From: Peter Kirstein

Sent: Thursday, October 31, 2002 1:46 PM

To: Kurpiel Robert C4C CS26

Subject: Re: Academy Assembly

You are a disgrace to this country and I am furious you would even think I would support you and your aggressive baby killing tactics of collateral damage. Help you recruit. Who, top guns to reign death and destruction upon nonwhite peoples throughout the world? Are you serious sir? Resign your commission and serve your country with honour.

No war, no air force cowards who bomb countries with AAA, without possibility of retaliation. You are worse than the snipers. You are imperialists who are turning the whole damn world against us. September 11 can be blamed in part for what you and your cohorts have done to Palestinians, the VC, the Serbs, a retreating army at Basra.

You are unworthy of my support.

Peter N. Kirstein

Professor of History

Saint Xavier University.

It was, in fact, genuine, proving that some stereotypes have a basis in fact. Neal Boortz has been on top of it and has the whole story, ending with an apology from Professor Kirstein. All I can say is that the students and faculty of the U.S. Air Force Academy have shown far more maturity and civility than their antimilitarist critic. Again.

Although Professor Kirstein has apologized, I can’t help but feel that his initial letter was a more accurate reflection of his feelings than the apology that came out after this letter received widespread attention. And I think that the identification of people like Kirstein with the Democratic Party helps to explain yesterday’s election. While I would defend Kirstein’s right to spout his insulting twaddle — just as I defend the right of fraternity members to wear blackface, which I regard as behavior of equivalent intellectual and moral seriousness — I am embarrassed that the academic profession claims so many people who think like Professor Kirstein, and talk like Professor Kirstein — and that the academic profession, for the most part, isn’t embarrassed about that at all. Indeed, he would have been likely to receive more censure from academics had he impersonated Michael Jackson.

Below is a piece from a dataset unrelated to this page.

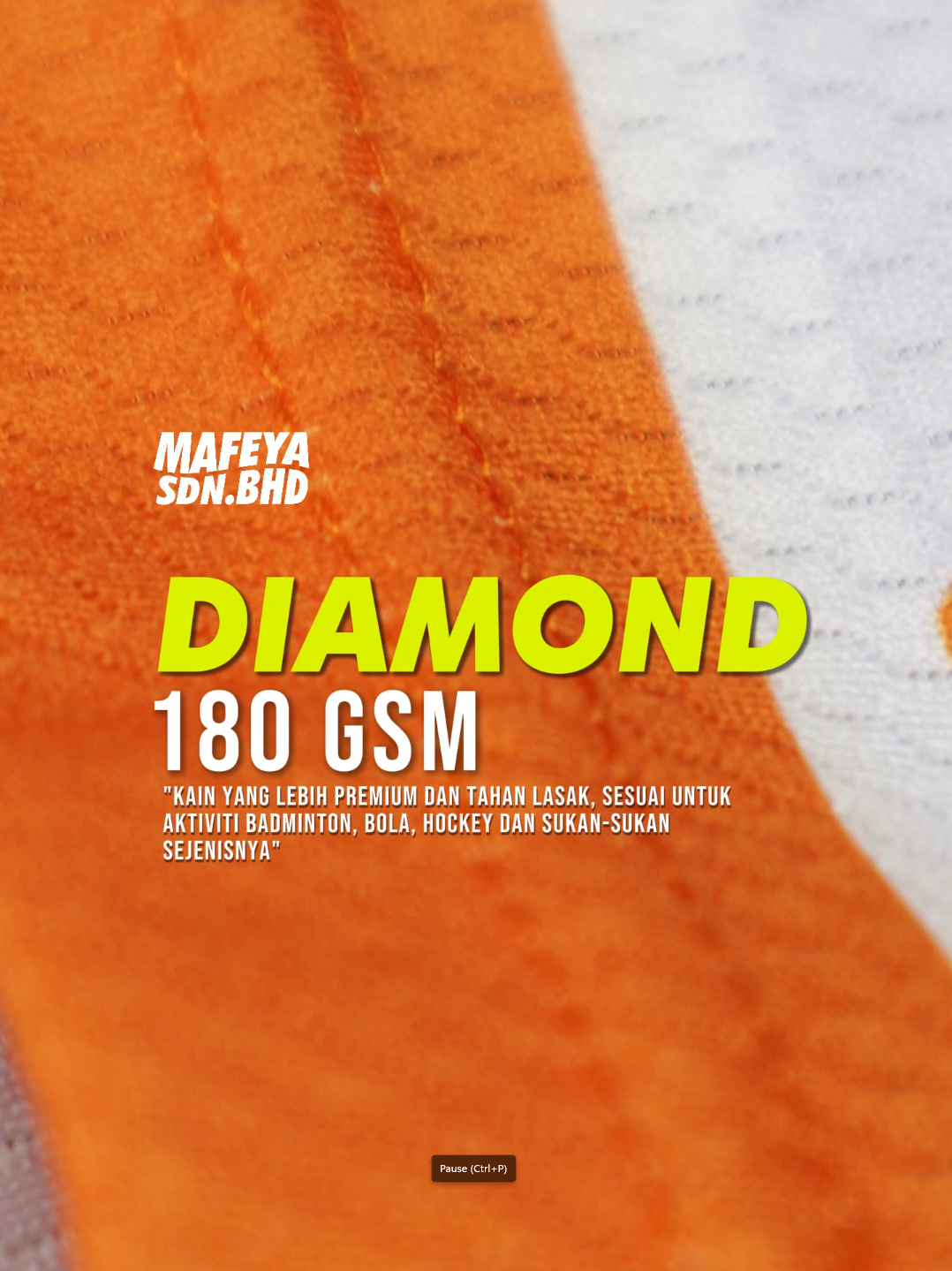 Microfiber Diamond ialah kain ringan dengan corak tenunan berbentuk berlian yang membantu pengudaraan, selesa dipakai dan sesuai untuk pakaian sukan.

That the email is barely literate, of course, adds insult to injury.

UPDATE: A reader directed me to Kirstein’s website, which he characterizes as “almost a parody.” The picture of Karl Marx’s grave appears to have been removed, but Kirstein does advise fellow professors to “Be prepared for occasional frustration when students don’t always respond to your enthusiasim [sic] and dreams.” He’s also blasting Campus Watch for “McCarthyism,” but the fact that Campus Watch has named him an apologist for terrorism seems to do more to enhance than to detract from Campus Watch’s credibility.

ANOTHER UPDATE: Nope, the Marx picture is still up — it’s here.

ONE MORE: Some liberals in academia are catching on, as this piece from the Duke University Chronicle illustrates. (Via LGF).

LAST UPDATE, REALLY: Reader Tom Donahue writes:

Peter Kirstein’s response to the Air Force Academy cadet is completely in keeping with what those who knew him in graduate school would have expected. Peter and I were in the St. Louis University doctoral program at the same time in the late 60’s, early 70’s. His every day conversation then was filled with ideological cant and he was viewed as a largely harmless if somewhat annoying buffoon. Too bad that the passage of 30 plus years has brought such little intellectual development.

Unfortunately, there is a whole generation of annoying buffoons, hired back when standards were much, much lower, still occuping positions in academia. People like that would be screened out today.